[Start of section]

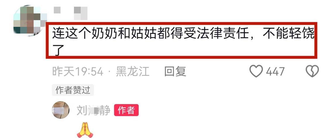 還有網友表示劉某靜的奶奶和姑姑也得承擔法律責任,不能輕饒了。
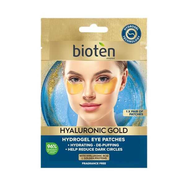 Τα Bioten Hyaluronic Gold Eye Patches, με 96% συστατικά φυσικής προέλευσης, είναι εμπλουτισμένα με Υαλουρονικό οξύ και Χρυσές Πρωτεΐνες που βοηθούν την περιοχή κάτω από τα μάτια να φαίνεται πιο φωτεινή και αναζωογονημένη. Οι Βιταμίνες και τα Κεραμίδια βοηθούν στο να διατηρείται το δέρμα σας με υγιή και νεανική όψη.
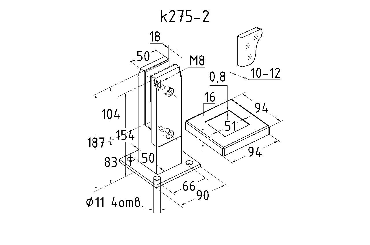 Стеклодержатель напольный 50х50х190 мм, литой, плоский, для стекла 10-12 мм, нержавеющая сталь AISI 304, полированная k275-2 купить в Перми
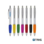 Bolígrafo con cuerpo curvo plástico en acabado blanco. Cuenta con grip de goma de color, clip y botón metálico, mecanismo retráctil y tinta negra.
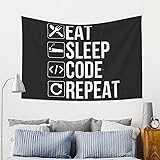 LKESMEOGP Funny Developer Gift Eat Sleep Code Repeat Tapestry Wall Art Wall Hanging Home Decorations for Bedroom Dorm Living Room 60 x 40 inch
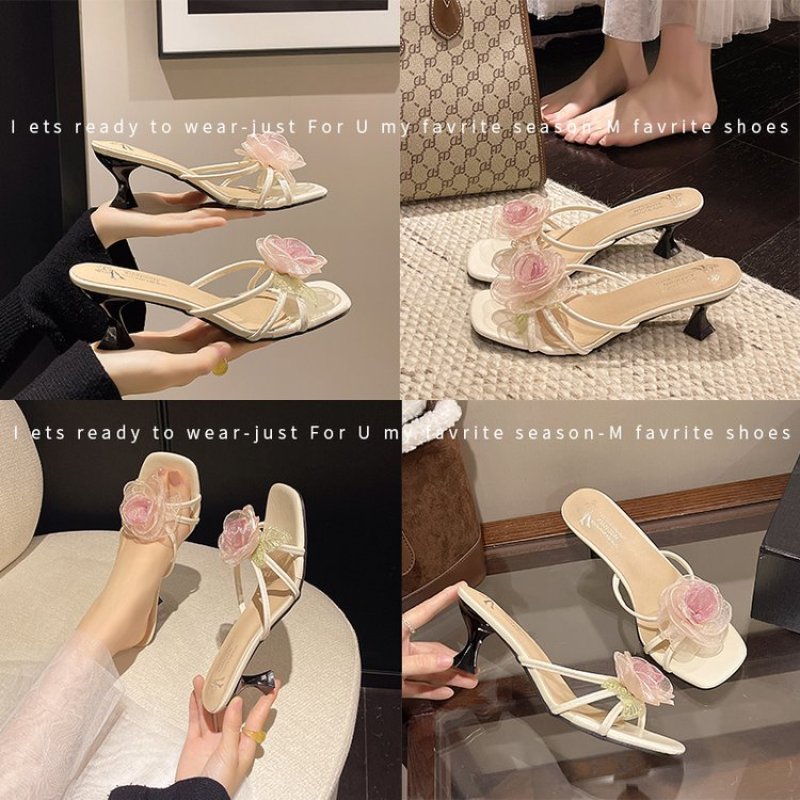 Elevate your everyday look with these delicate Korean-style floral high heel mules. Featuring a romantic sheer rose decoration, a sleek square toe, and a convenient slip-on design, these open-toe sandals offer both gentle elegance and a subtle leg-lengthening lift. Perfect for matching dresses and adding a soft, sophisticated charm to spring, summer outings, or casual daily wear.
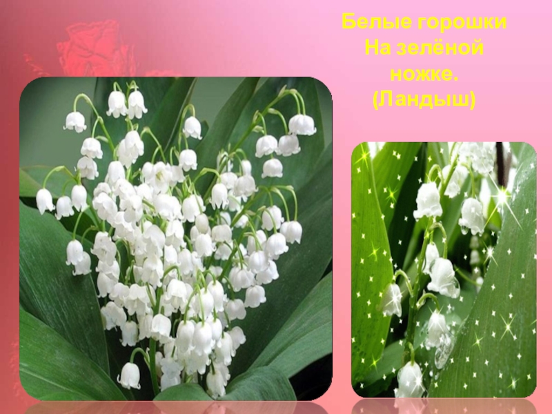 Слайд 6Белые горошки На зелёной ножке. (Ландыш)

[End of section]

Print each record exactly as it stands, leaving the images out.

## Solution
 還有網友表示劉某靜的奶奶和姑姑也得承擔法律責任,不能輕饒了。
 Τα Bioten Hyaluronic Gold Eye Patches, με 96% συστατικά φυσικής προέλευσης, είναι εμπλουτισμένα με Υαλουρονικό οξύ και Χρυσές Πρωτεΐνες που βοηθούν την περιοχή κάτω από τα μάτια να φαίνεται πιο φωτεινή και αναζωογονημένη. Οι Βιταμίνες και τα Κεραμίδια βοηθούν στο να διατηρείται το δέρμα σας με υγιή και νεανική όψη.
 Стеклодержатель напольный 50х50х190 мм, литой, плоский, для стекла 10-12 мм, нержавеющая сталь AISI 304, полированная k275-2 купить в Перми
 Bolígrafo con cuerpo curvo plástico en acabado blanco. Cuenta con grip de goma de color, clip y botón metálico, mecanismo retráctil y tinta negra.
 LKESMEOGP Funny Developer Gift Eat Sleep Code Repeat Tapestry Wall Art Wall Hanging Home Decorations for Bedroom Dorm Living Room 60 x 40 inch
 Elevate your everyday look with these delicate Korean-style floral high heel mules. Featuring a romantic sheer rose decoration, a sleek square toe, and a convenient slip-on design, these open-toe sandals offer both gentle elegance and a subtle leg-lengthening lift. Perfect for matching dresses and adding a soft, sophisticated charm to spring, summer outings, or casual daily wear.
 Слайд 6Белые горошки На зелёной ножке. (Ландыш)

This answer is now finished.